そしてCを招待します。そこで起こる事実は、麻酔で動けなくされて、針を体中さして痛みをなくすようにしてから少しずつからだの足とか手とかを切り刻んでいくのです。もう感情は持っていないんです。復讐の気持ちが無意識的に刷り込まれているのですよ。ここがこの映画の見せ場です。

たまたま、息子が彼女と会えなくて帰ってきてびっくりの現場に出会い、そのままCと格闘してCは階段から落ちて倒れます。
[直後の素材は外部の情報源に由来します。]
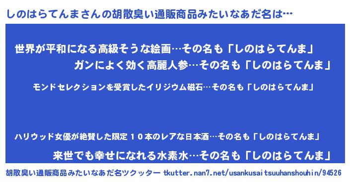 | ヒーロー風カッコイイあだ名 | 『慈愛の使者しのはらてんま』 |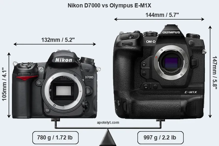 The physical size and weight of the Nikon D7000 and the Olympus E-M1X are illustrated in the side-by-side display below. The two cameras are presented according to their relative size. Three consecutive perspectives from the front, the top, and the back are available. All width, height and depth measures are rounded to the nearest millimeter.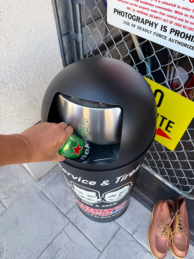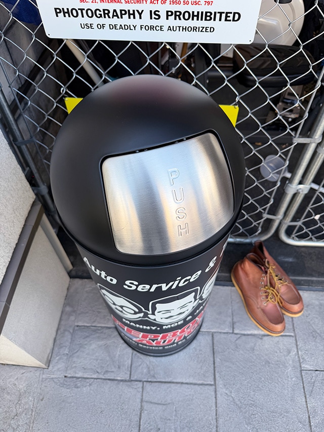 彼らが描かれたこのダストボックスは、まるでアメリカの街角にある「リアルな整備工場の片隅」を切り取ったような存在感でしょ?
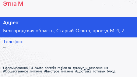 Этна-М по адресу Белгородская область, Старый Оскол, проезд М-4, 7 в дальнейшем Организация, размещена в следующих категориях: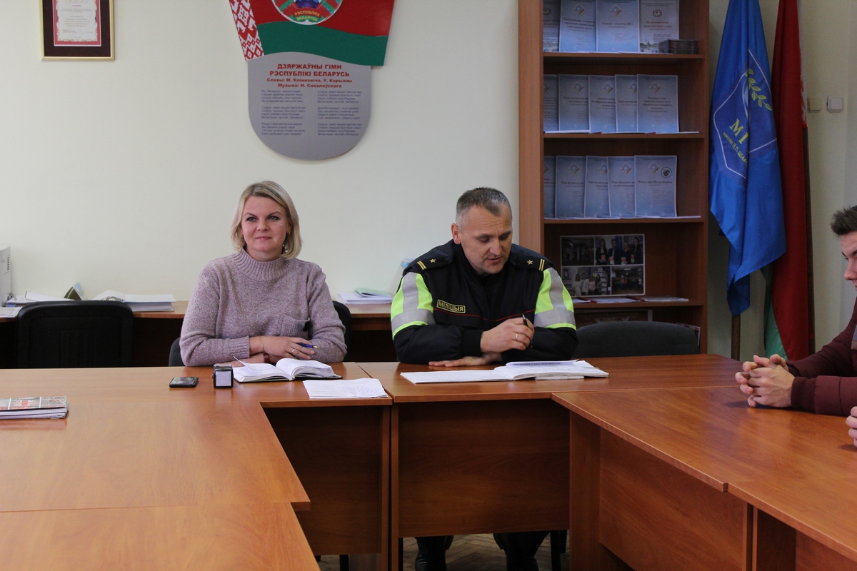 07.10.2019 со студентами факультета физической культуры года была проведена информационная встреча на тему «Соблюдение правил дорожного движения» с участием командира взвода ДПС ОГАИ Мозырского РОВД Усом Н.А.
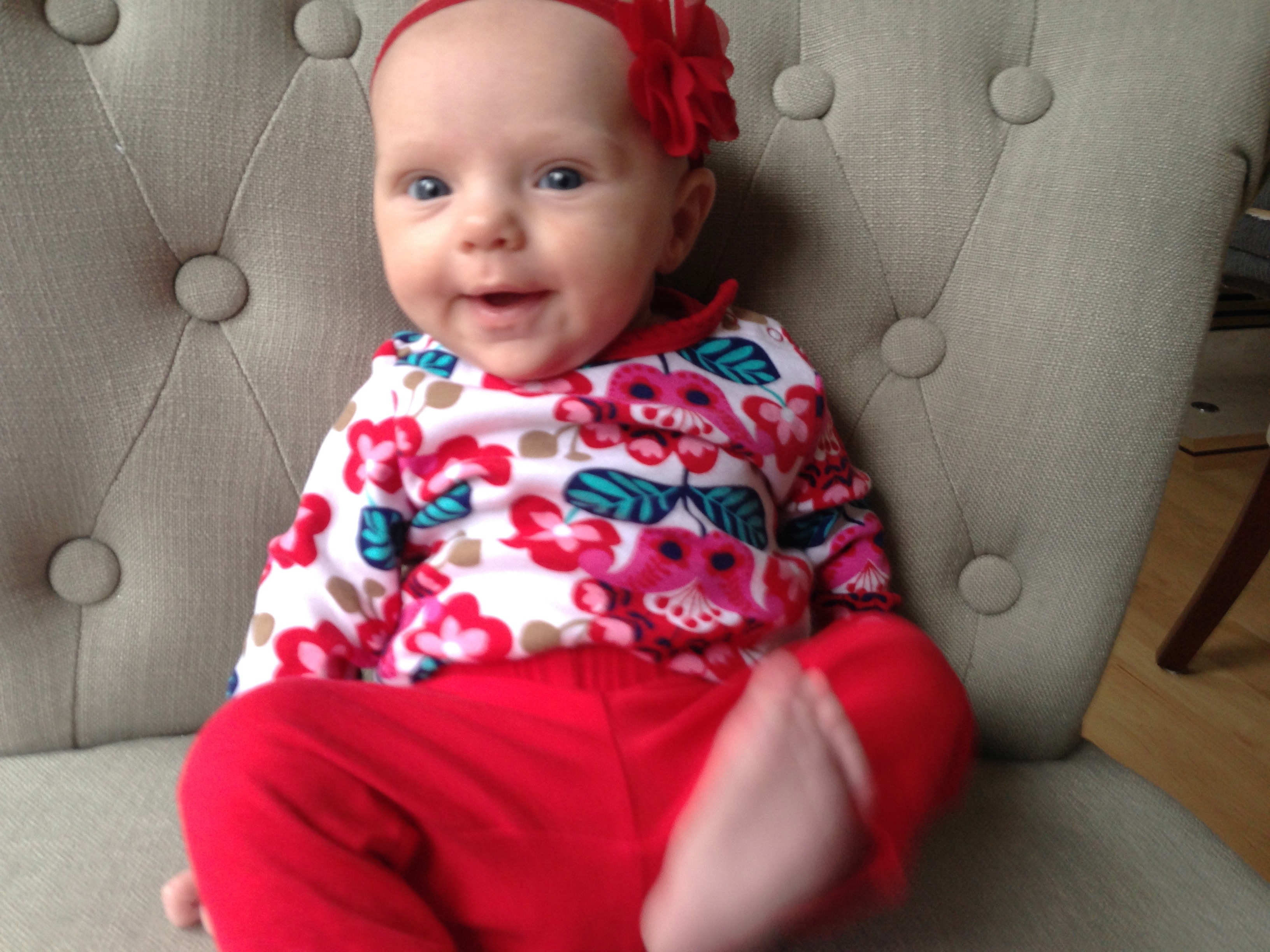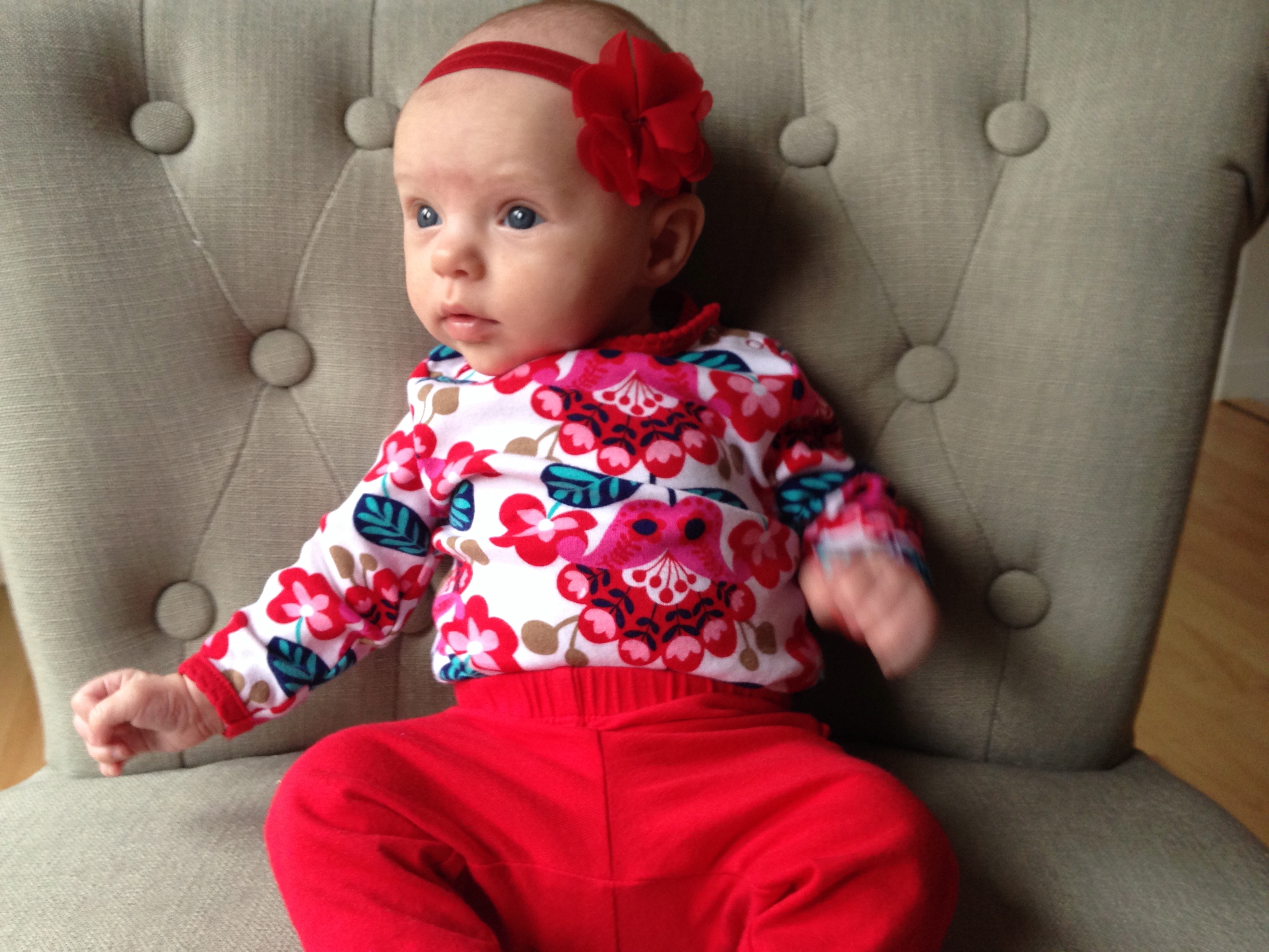 Clothing: Starting to fill out some of the 3 month old clothes instead of swimming in them. We went to an outlet mall and there were so many cute baby clothes… seriously I am going to have 2 outfits and she will have all the cute stuff in this house.

この映画はじめのうちはどうしたんだ、と思いながら観るのですが後から怖さ急増します。いい作品だと思います。Bは少なくても片足は切られてしまったんですけどね。失ったものは大きかったという話でした。女の怖さはずば抜けてますね。

5/23

 

「ねじ式」石井輝男監督 1998年

これ、原作まったく知りませんし、つげさんという漫画家は名前は知っていますけど作風は知りません。そんな状態で見ると、冒頭からショックを受けます。「やめようかな」とか思いますよ。どこまで行っても画面いっぱいに「貧乏くささ」が蔓延してます。本当に見ている自分が情けなるくらいです。

まず主人公の漫画家(A)が女と同棲しているんですが生活を維持できないのと、女の浮気で少しナーバスになってます。見ている限り、どうでも良いようなことなんですけどね。

とにかくこのAのモノローグで進んでいきますが、なにか妄想をよくみるのです。その妄想のシーンがいろいろと映像で出てくるのですが、なんというのか、まあいい加減な世界です。演技するほうも大変だろうなと思うようなシーンが多いです。それでいてみていて面白いというわけでもないので、ゲテモノ趣味みたいな感じです。それでもスケベ専門の俳優とそうでもない俳優の境界はどこにあるのかわからなくなります。ジュリアンムーアのいう「ついているものはみんな同じだから裸になるのはいとわない」ということを実践しているかのような映画です。その中で印象深いシーンがありまして、房総の食堂で泊めてもらったとき、そこの女の子に手を出します。そして1年後同じ店を訪ねても店員になっているときの女の子は気がつきません。これは意外とわかるんです。できるだけ覚えているようにはするのですが、あんまり行かなくなったから行きにくいとか、覚えているだろうかとかお客様は考えるのですが、私の場合は意外と何にも考えていないですし、先日3年ぶりくらいのお客様に久しぶりです、と言ったとき、あとから「久しぶり」というのを通り過ぎているよな、と思ったモンです。やはり飲食とかは提供するものを作るのが精一杯なのです。これはなんとなくわかる気がしました。この女の子の役、きれいな人なんですが、また変なシーンがあるのです。はい。そんなことの羅列ですよ。「無量庵」だったかな、とか「天狗堂」とかおかしなところばかりです。何でこんなに変な人ばかりいるんだろうか、なにを描きたいのか、途中でわからなくなります。しかし途中、「母親探し」の主題が出てきます。傷をぱっくりと開けてまま金太郎を作っている母親に出会うのです。いいたい事はわかりますけど、ちょっとここまでが長すぎた。映画館で見た人飽きるんじゃないかな。この傷を止めるのが「ねじ」なんです。女医にとめてもらうんですが、女ということで良いんではないでしょうか。しかし女といえばはじめの同棲していた女はどうしたんでしょう?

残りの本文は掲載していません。